To Beat Google, Microsoft Must Learn from Apple

Rob Enderle

Today Microsoft announced a number of new and compelling features for Bing and likely will sit back and wonder why users don't flock to it, much as Apple used to wonder why Windows users didn't flock to the MacOS. People don't use Google because Google has better or more features; they use it because it has become habit and people are content with this habit.


We simply don't like to move, and the only way that seems to work in politics, services or products -- technology or otherwise -- is to make us unhappy with where we are. New features don't do that.


Habits Are Hard to Break

One of the first things any company selling a product should learn is that people are creatures of habit and it takes a lot to break that habit. You'd think, for instance, that no one would ever buy another Toyota, but that company is still selling lots of cars. Hyundai, on the other hand, has had better cars than Toyota, from the standpoint of quality and price, for some time. Yet most Toyota buyers remain loyal.

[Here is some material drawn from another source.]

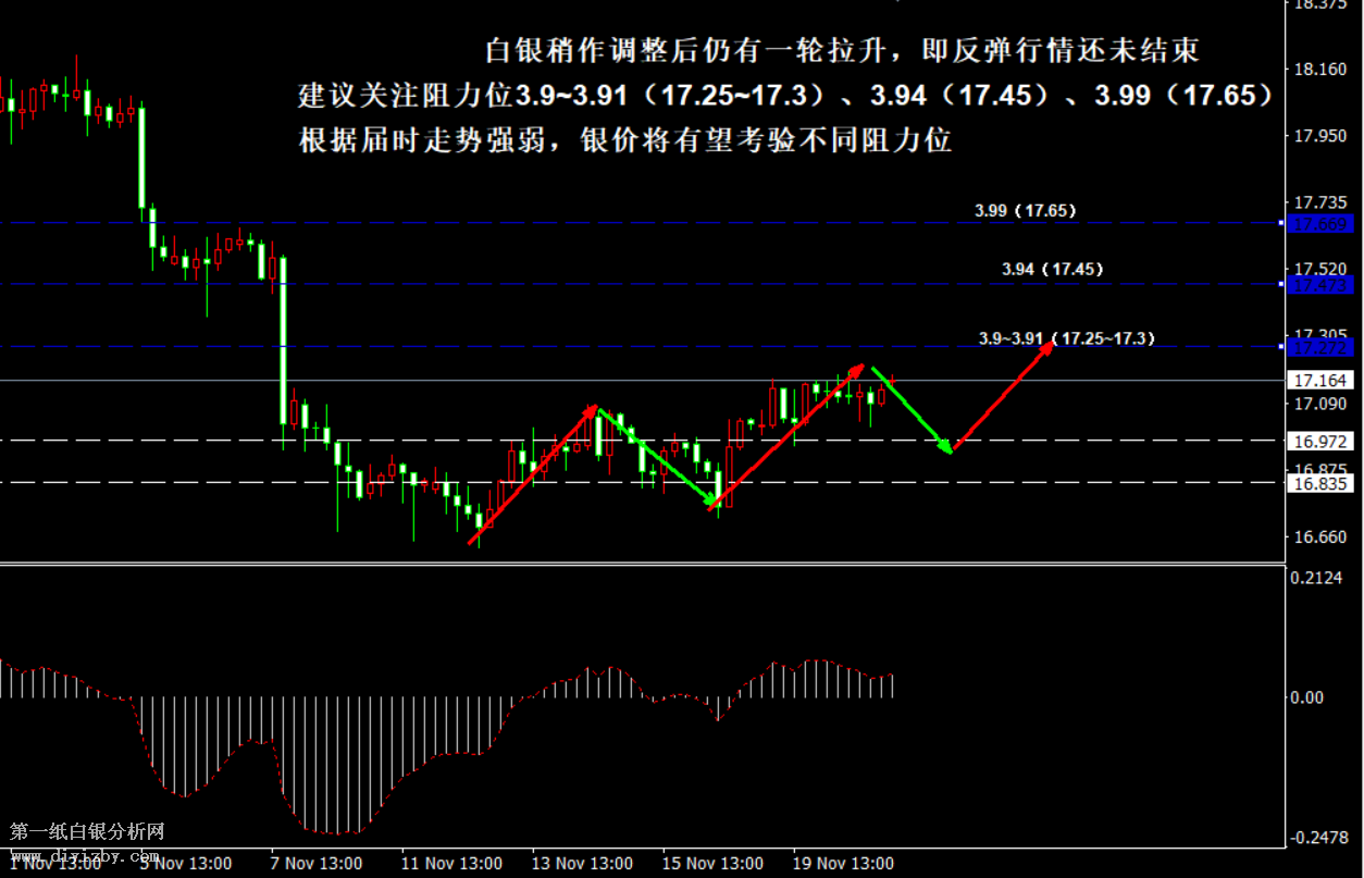 今日下方關鍵支撐3.83(16.95)、3.8(16.85)、3.73(16.5)。今日上方關鍵阻力3.89~3.9(17.2~17.3)。 提示:技術僅僅是基于概率論和統計學的一種綜合分析手段,絕非預測。所以技術分析是在考慮做好止損的情況下去博取大概率事件,投資不可過于迷信技術分析。(短線操作請一定做好止損,一旦被損,代表分析師基于概率和統計的技術分析不適用于當前行情) 另外,由于紙白銀價格是國際銀價換算而來,而換算過程中涉及到人民幣對美元匯率的變化,即使在國際銀價不變化的情況下,如果人民幣貶值或升值,也會導致紙白銀價格出現變動。因此,我們的分析只采用最新的國際銀價對應的人民幣白銀價格,如與過去分析價格有出入, 投資者應知曉其原因。 1、文中價格為紙白銀價格,括號內為國際銀價,投資者可雙向參考。 2、以上價格為工商銀行買入價,即紙白銀低價。進倉點位要再加點差(各銀行點差不一),出倉則不要。 3、第一紙白銀給出的所有建議僅供投資者參考,不作為下單依據,作者不持有白銀,也不計劃買入。觀點僅供參考,不構成投資建議,風險自擔。 4、北京時間09:00發布此文章。 5、上一交易日白銀價格分析情況:(11月20日)白銀反彈行情暫未結束 但運行過程或仍然緩慢

Think about this for a moment: Hyundai, Korea's top car maker, is well marketed, it offers a warranty years longer than Toyota's, a price (for a comparable car) that is substantially less, comparable or better quality, yet most folks still prefer Toyotas. Hyundai has shifted, much like Apple did with the Mac vs. PC campaign, to changing perceptions. That, rather than features, is what moves buyers. Its videos, including this one on acceleration, try to get people not just to look at the Hyundai differently, but at the brand they drive now.

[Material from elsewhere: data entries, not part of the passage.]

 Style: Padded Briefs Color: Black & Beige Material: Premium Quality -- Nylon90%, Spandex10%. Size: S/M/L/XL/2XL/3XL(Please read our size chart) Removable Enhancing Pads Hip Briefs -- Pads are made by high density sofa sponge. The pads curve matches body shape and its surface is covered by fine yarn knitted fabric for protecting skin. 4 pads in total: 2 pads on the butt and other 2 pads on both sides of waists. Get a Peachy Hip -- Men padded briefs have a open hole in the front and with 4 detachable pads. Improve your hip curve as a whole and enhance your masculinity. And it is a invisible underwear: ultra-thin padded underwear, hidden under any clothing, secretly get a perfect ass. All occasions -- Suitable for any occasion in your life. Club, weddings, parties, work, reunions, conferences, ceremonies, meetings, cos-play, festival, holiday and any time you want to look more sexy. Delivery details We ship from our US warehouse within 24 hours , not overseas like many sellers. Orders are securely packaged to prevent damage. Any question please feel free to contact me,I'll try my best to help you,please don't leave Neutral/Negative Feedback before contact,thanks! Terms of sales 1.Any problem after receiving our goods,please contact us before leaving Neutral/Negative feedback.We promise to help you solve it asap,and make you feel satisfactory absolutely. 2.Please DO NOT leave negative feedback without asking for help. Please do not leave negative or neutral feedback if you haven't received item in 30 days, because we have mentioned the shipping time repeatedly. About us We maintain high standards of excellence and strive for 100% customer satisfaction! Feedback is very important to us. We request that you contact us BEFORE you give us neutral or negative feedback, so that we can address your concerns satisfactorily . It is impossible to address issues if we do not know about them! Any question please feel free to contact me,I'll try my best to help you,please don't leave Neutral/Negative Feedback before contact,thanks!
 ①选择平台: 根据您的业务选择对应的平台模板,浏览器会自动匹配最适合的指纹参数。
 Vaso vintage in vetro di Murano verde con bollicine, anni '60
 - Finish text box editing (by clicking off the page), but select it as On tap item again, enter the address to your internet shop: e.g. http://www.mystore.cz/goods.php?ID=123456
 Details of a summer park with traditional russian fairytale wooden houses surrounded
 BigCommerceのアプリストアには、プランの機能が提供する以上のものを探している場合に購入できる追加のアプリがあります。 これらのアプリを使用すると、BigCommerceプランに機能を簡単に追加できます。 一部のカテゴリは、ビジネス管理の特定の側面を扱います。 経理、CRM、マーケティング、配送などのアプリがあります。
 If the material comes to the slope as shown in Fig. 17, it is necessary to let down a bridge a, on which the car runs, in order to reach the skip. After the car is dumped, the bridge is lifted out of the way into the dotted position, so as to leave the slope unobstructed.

The problem for Microsoft isn't a feature problem, it is a perception problem that Google search is good enough and it is trusted. To gain share, Microsoft must find a way to get people to distrust Google or to think of its product as inadequate.


Learning from Apple and Politics

Apple had the same problem with Windows. Windows Vista came out and it was kind of a dog. Though people and companies were avoiding it, they weren't switching to Apple in great numbers. So Apple rolled the Mac vs. PC campaign to get people to look at Windows differently. (While writing this I ran into the best Mac vs. PC video I've ever seen.) These spots aren't focusing on Apple's features, but on Windows' shortcomings. They are designed to get you to look differently, not at Apple, but at Microsoft. The PC character actually disparages Bill Gates and through him, Microsoft.

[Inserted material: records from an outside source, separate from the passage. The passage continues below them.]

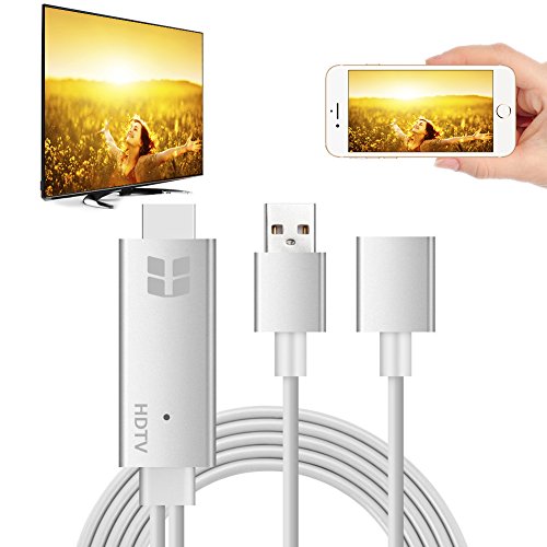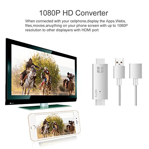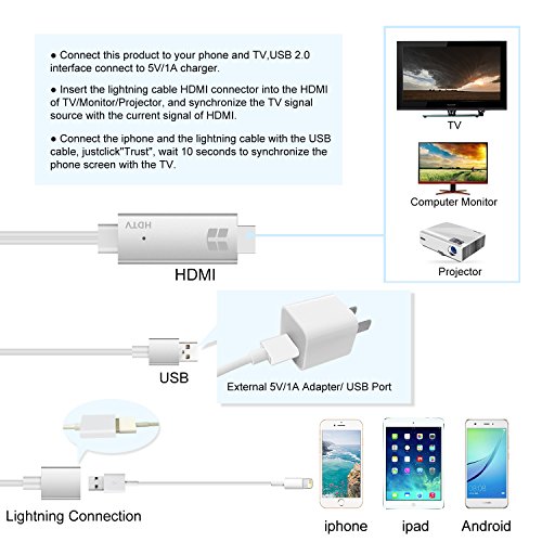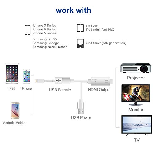 【Installation】 Step 1: Connect it: ● Insert the USB port into the 5V/1A adapter, or 5V/2A USB interface on the TV / Monitor or Projector. ● Insert the HDMI out port of onenuts cable into the HDMI Port of TV / Monitor or Projector. ● Insert the Original power cable of IOS devices/ Samsung phone / Huawei phone into USB female port of onenuts cable.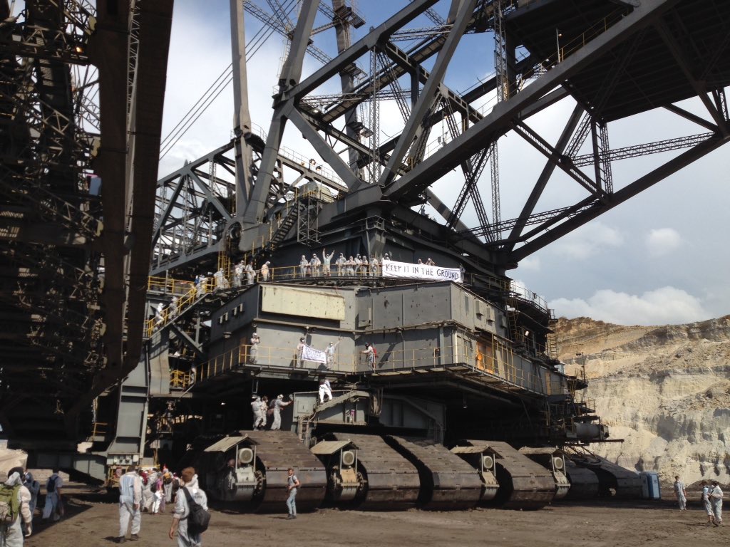 That was great but was it all just symbolic? Would they just let us get on with our stuff and resume business as usual? I didn’t know. I did hear that another finger had occupied a digger on the lowest level and they were in there for the long haul and that I had made quite a few pictures that were tweeted so we must have some impact. Just too bad Vattenfall didn’t have some proper WIFI set up and we lost all connection when we arrived at the digger.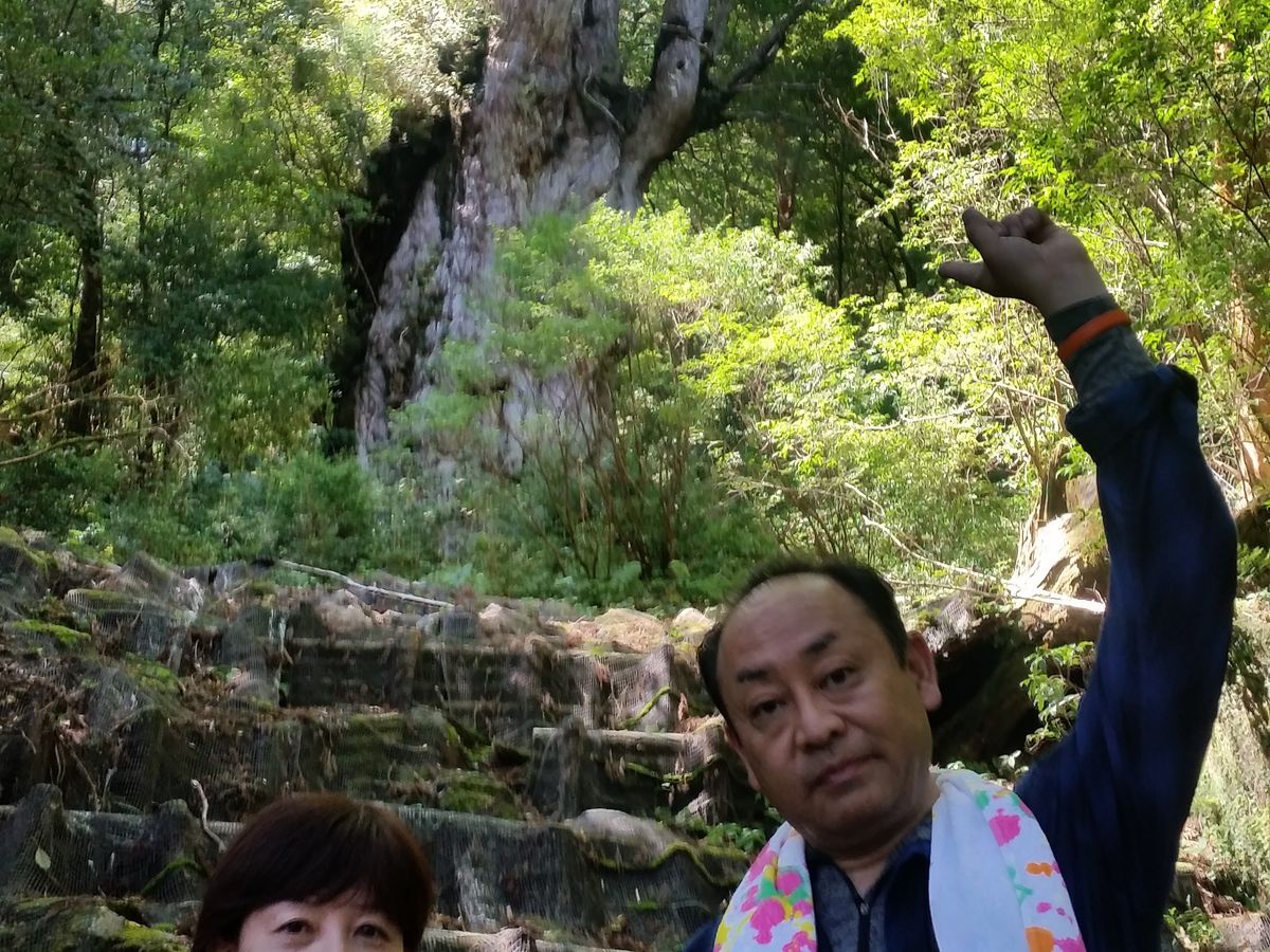 屋久島が世界遺産になった当初から憧れだった縄文杉。今回ご縁があってやっと訪れる機会ができましたが、私達夫婦はすでに50代。普段特に運動の習慣もない私たちに22㎞、11時間の行程は不安だらけでしたが、事前に電話で問い合わせた際に対応してくださったツアー会社の女性は、たいへん親切でフレンドリーな方で、“このツアーで間違いない”と確信ができました。当日のツアーでは、ガイドの駒野さんが、年齢も身体能力もバラバラのメンバーにまんべんなく気遣いをしてくださり、8人のメンバーそれぞれが安心し、リラックスしてつらく長い行程を楽しんでいることを常時感じることができました。屈強で頼もしいガイドの駒野さんはもとより、ツアー参加者の若い皆さんに、心より感謝しています。みなさんの楽しいおしゃべりや、歌声によって勇気づけられ、つらい行程をなんとか乗り越えることができました。みなさんのうちの誰一人が欠けても、中年の私たちが念願の縄文杉に会うことはできなかったと思います。この場をお借りし、心よりお礼申し上げます。

In politics, challengers have the same problem with incumbents. It doesn't really matter if you might be more qualified, the guy in office is generally better known and trusted. This is why successful challenges come either after a scandal that damages trust in the incumbent or in a campaign that successfully does the same thing.


The lesson here is that reality doesn't really matter. Only perceptions matter. And as long as folks are happy with the status quo, they won't move. A great book to read that drives this home, and one I recommend a lot, is Farhad Manjoo's "True Enough: Learning to Live in a Post Fact Society." It goes into some detail on how people are successfully manipulated through campaigns that focus on perceptions that have nothing to do with reality. Most of the examples are in politics, but there are some incredibly compelling stories on technology.


Wrapping Up

I use and like Bing, but like most of you, I rarely even try another search engine, let alone stay with it long enough for it to become a habit. As long as we are happy where we are, it really doesn't matter how much better something else is, we won't move. This is the lesson most companies don't get. The build-a-better-mousetrap story is a lie. You first have to make them dislike the mousetrap they are using and after that, you don't even need a better product. You just need to get them hooked on your offering. Steve Jobs gets that perceptions rule. Look at the iPad; it is basically a de-featured tablet computer or a big iPod Touch. Yet it is widely considered the most amazing product of the year. That isn't reality, that is all perception. For Bing to win, Microsoft needs to learn how to change perception from someone like Jobs.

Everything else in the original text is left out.